Department of Bio-convergence Engineering , Korea University , Seoul 02841 , South Korea.
Department of Medical & Pharmaceutical Sciences , Sookmyung Women's University , Seoul 04310 , South Korea.
Anal Chem. 2019 May 7;91(9):5677-5684. doi: 10.1021/acs.analchem.8b05533. Epub 2019 Mar 14.
Rapid diagnosis and quarantine of influenza virus mutant-infected people is critical to contain the fatal viral infection spread because effective antiviral drugs are normally not available. Conventional methods, however, cannot be used for the diagnosis because these methods need predefined labels, likely also unavailable for just emerging viruses. Here, we propose label-free identification of cells infected with different influenza viruses based on surface-enhanced Raman spectroscopy (SERS) and principal component analysis (PCA). Viral envelope proteins that are displayed on the surface of cells after infection of influenza viruses were targeted for this identification. Cells that expressed the envelope proteins of A/WSN/33 H1N1 or A/California/04/2009 H1N1 influenza viruses produced distinct SERS signals. Cells that displayed combinations of the envelope proteins from these two viral variants, an indication of emergence of a new virus, also generated characteristic SERS patterns. However, the cell's own surface proteins often hindered the identification of virally infected cells by producing SERS peaks similar to viral ones. PCA of the obtained SERS patterns could effectively capture the virus-specific signal components from the jumbled SERS peaks.
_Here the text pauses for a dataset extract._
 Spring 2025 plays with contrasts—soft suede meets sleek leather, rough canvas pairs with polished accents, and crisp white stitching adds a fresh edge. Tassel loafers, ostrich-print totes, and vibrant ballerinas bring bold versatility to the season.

Our study demonstrates a potential of combination of SERS and PCA to identify newly emerging influenza viruses through sensing the cells infected with the viruses.
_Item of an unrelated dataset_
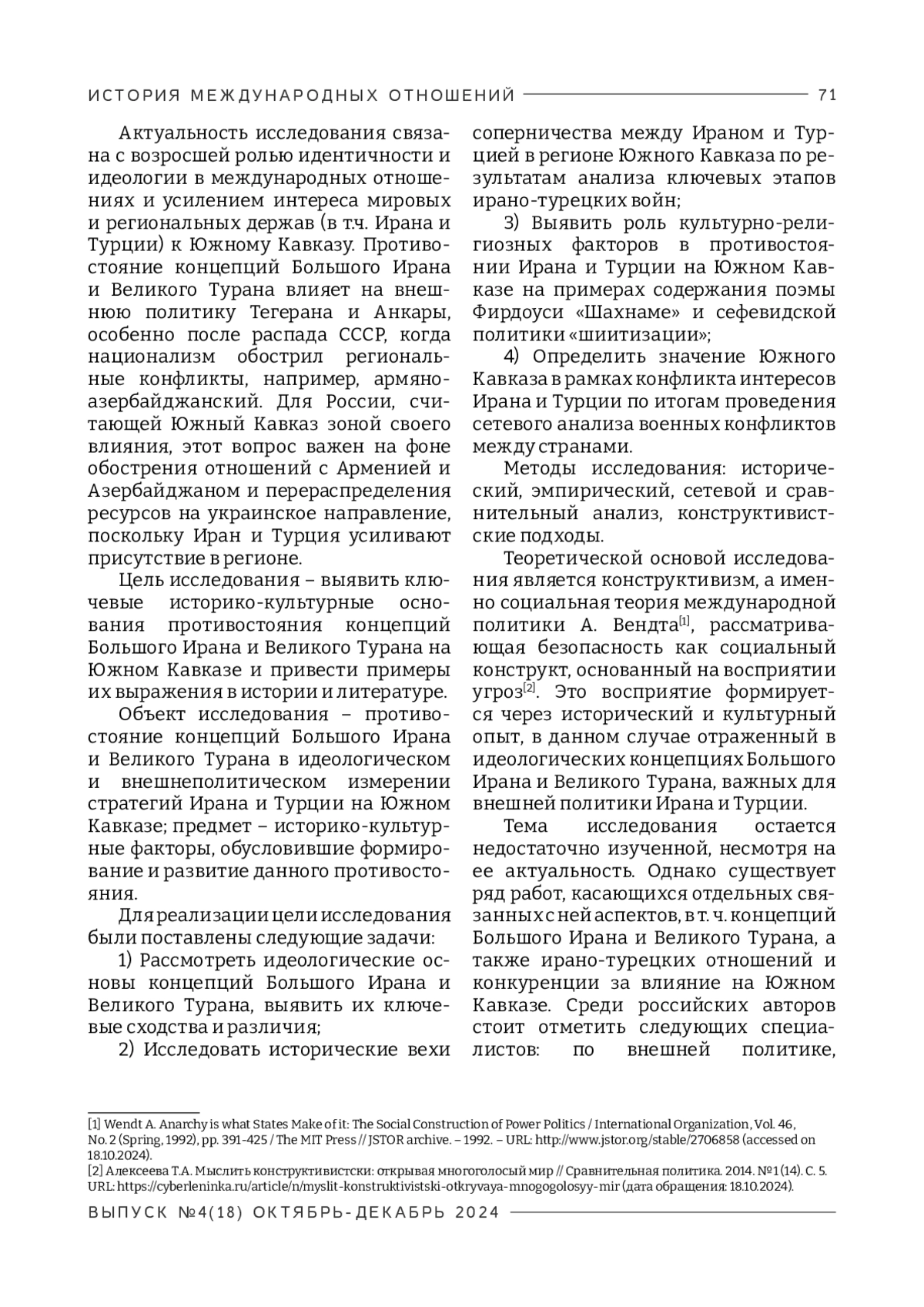 В статье рассматриваются историко-культурные основания идеологического противостояния концепций Большого Ирана и Великого Турана и их влияние на внешнюю политику Ирана и Турции на Южном Кавказе. В силу ограничений формата научной статьи исследование не претендует на полное освещение тысяче летней эволюции указанных концепций, а сосредотачивается на ключевых исторических вехах данного процесса. В исследовании, основанном на историческом, сетевом и сравнительном анализе, а также конструктивистских подходах, рассматриваются культурно-религиозные различия как факторы указанного противостояния и историческая динамика ирано-турецких войн. Особое внимание уделено инструментализации паниранизма и пантюркизма, а также стратегическому значению региона. Ирано-турецкие войны как часть противостояния Ирана и Турции рассматриваются через сетевой анализ, где Южный Кавказ – ключевой узел с высокой центральностью и плотностью конфликтов. Локальные и глобальные коэффициенты кластеризации показывают взаимосвязанность зон боевых действий и наличие треугольной области соперничества. Сравнительный анализ концепций Большого Ирана и Великого Турана выявляет различия в идеологических и стратегических подходах Ирана и Турции к региональному доминированию. Не являясь официальными стратегическими документами, концепции Большого Ирана и Великого Турана выступают идеологическим обоснованием внешнеполитических приоритетов Ирана и Турции на Южном Кавказе. Иран опирается на куль турно-цивилизационное наследие, в то время как Турция реализует более политизированную стратегию, ориентированную на этническую общность. Противостояние также усиливается религиозными различиями и сталкивающимися экономическими интересами. Результаты исследования показывают, что современное соперничество Ирана и Турции на Южном Кавказе продолжает исторические тренды и сохраняет свою актуальность для обоих государств с точки зрения идеологии, национальной безопасности и экономических интересов.

快速诊断和隔离流感病毒突变感染者对于遏制致命病毒感染的传播至关重要,因为通常没有有效的抗病毒药物。然而,由于常规方法需要预定义的标签,而这些标签可能也不适用于刚刚出现的病毒,因此无法用于诊断。在这里,我们提出了一种基于表面增强拉曼光谱(SERS)和主成分分析(PCA)的无标记识别方法,用于鉴定不同流感病毒感染的细胞。该方法针对感染流感病毒后在细胞表面显示的病毒包膜蛋白进行鉴定。表达 A/WSN/33 H1N1 或 A/California/04/2009 H1N1 流感病毒包膜蛋白的细胞产生了独特的 SERS 信号。显示这两种病毒变体包膜蛋白组合的细胞也产生了特征性的 SERS 模式,这表明新病毒的出现。然而,细胞自身的表面蛋白通常会产生与病毒相似的 SERS 峰,从而阻碍对病毒感染细胞的识别。对获得的 SERS 图谱进行 PCA 分析,可以有效地从混乱的 SERS 峰中捕获病毒特异性信号成分。我们的研究表明,通过检测感染病毒的细胞,SERS 和 PCA 的结合具有识别新出现的流感病毒的潜力。